ACTION ITEM
Everything from the line containing "Rosa långärmad tröja" through the last line of the listing below should be returned exactly, except for pictures.

STORED DATA

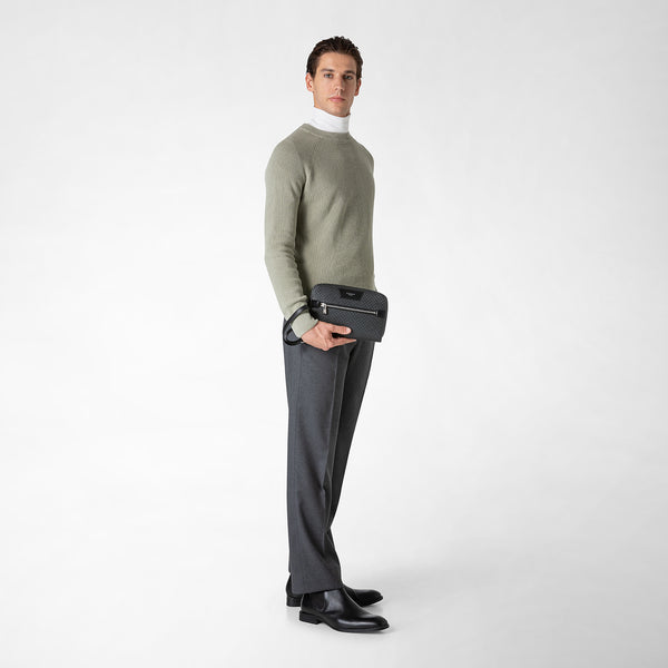 It's easy to make an impression with the modern yet refined Slim Briefcase in Asphalt Gray Stepan coated canvas and Black Gange leather. You will have everything you need for business meetings with this lightweight yet durable Slim Briefcase. Created to stand the test of time, it is made from Stepan coated canvas, a sturdy and water-resistant material with an all-over S-etching detail. Originating from the far-sighted vision of Ardavast Serapian, Stepan was first trademarked in the mid-seventies and remains an exclusive house emblem.
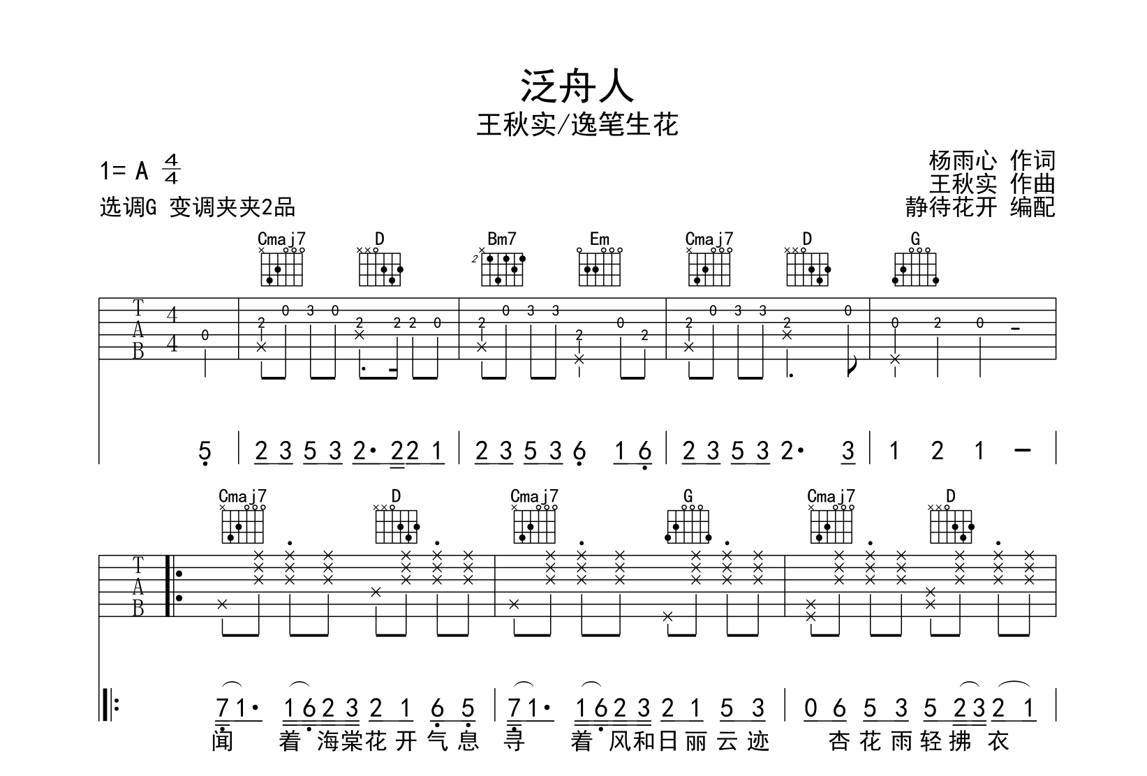曲谱介绍: 泛舟人吉他谱,王秋实/逸笔生花吉他谱,《泛舟人》吉他弹唱谱,来自@静待花开编配扒谱制作,本吉他谱采用G调和弦指法编配,推荐变调夹夹第2品演奏,原调A调,也可以根据个人嗓音条件灵活选择变调夹位置,演奏的速度控制在每分钟75拍左右,演奏难度简单。
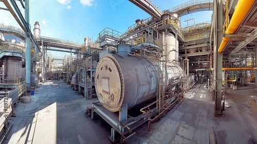 A panoramic view of an industrial boiler operating within a large petrochemical complex, emphasizing scale and industrial design.
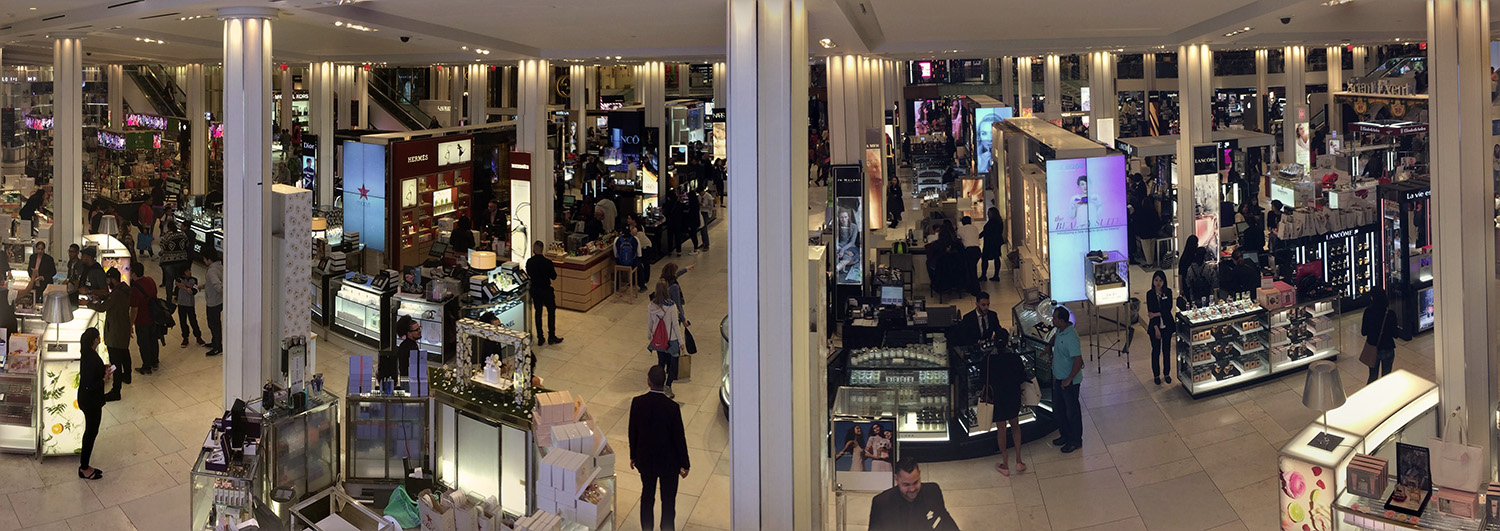 when we arrived at herald square, the subway station opened out onto a jc penney's, so we went in looking for a bathroom. after a fruitless search, we found our way outside. we then looked for souvenir shops. the prices at the first place we visited weren't very good, so i suggested we look elsewhere. we finally went to macy's, and went into the basement level where the bathrooms were. they'd done some renovations since the last time i was here, and we searched everywhere and couldn't find a bathroom, until we finally asked somebody. even then, it was only the women's bathroom. we split up as i continued looking for the men's bathroom until i finally found it.
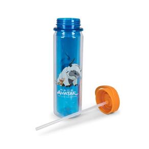 Avatar: Garrafa de água The Last Airbender Aang and Appa | Garrafa de plástico sem BPA com tampa de rosca e tampa de canudo dobrável | Hidratação esportiva | Comporta 16 onças
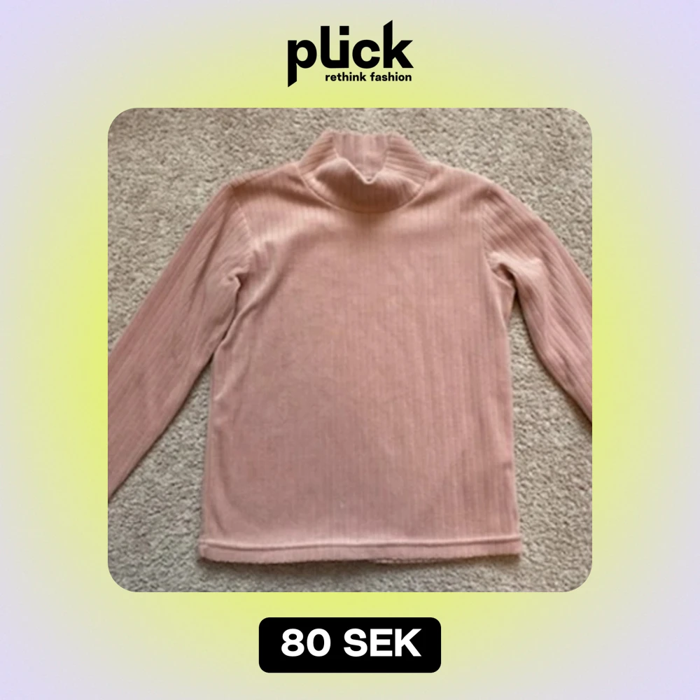 Rosa långärmad tröja men ränder i tyget från Uniqlo. Halv polo-krage/ hög krage.
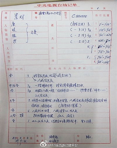 一张珍贵的中央电视台场记单上,记录下了1983年2月2日上午9时30分开始在文昌椰林中拍摄的一幕戏:孙悟空、猪八戒、沙和尚三人在椰林中为唐僧找水喝,期间师兄弟三人对白活泼,动作滑稽。场记也将师徒四人的动作、对白记录得一清二楚,但唯有两字特别引人注目:没马。
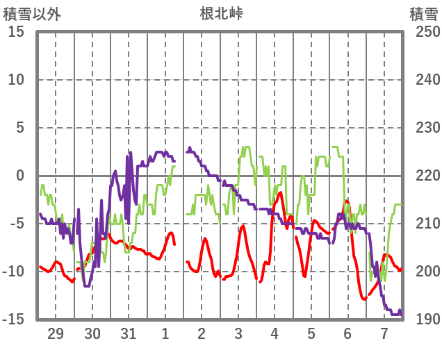 | 日 | 時 | 気温 | 降水 | 風向/風速 | 日照 | 積雪 | 降雪 |
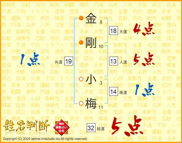 金剛小梅さんの総運は32画の5点!
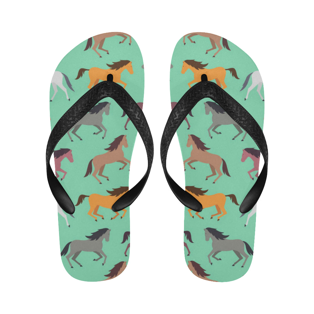 Colorful horses pattern Unisex Flip Flops is a uniqued design and limited item. It made to order, hand printed, and sewn with love in our factory.

REPLY TO THE EXERCISE
 Rosa långärmad tröja men ränder i tyget från Uniqlo. Halv polo-krage/ hög krage.
 一张珍贵的中央电视台场记单上,记录下了1983年2月2日上午9时30分开始在文昌椰林中拍摄的一幕戏:孙悟空、猪八戒、沙和尚三人在椰林中为唐僧找水喝,期间师兄弟三人对白活泼,动作滑稽。场记也将师徒四人的动作、对白记录得一清二楚,但唯有两字特别引人注目:没马。
 | 日 | 時 | 気温 | 降水 | 風向/風速 | 日照 | 積雪 | 降雪 |
 金剛小梅さんの総運は32画の5点!
 Colorful horses pattern Unisex Flip Flops is a uniqued design and limited item. It made to order, hand printed, and sewn with love in our factory.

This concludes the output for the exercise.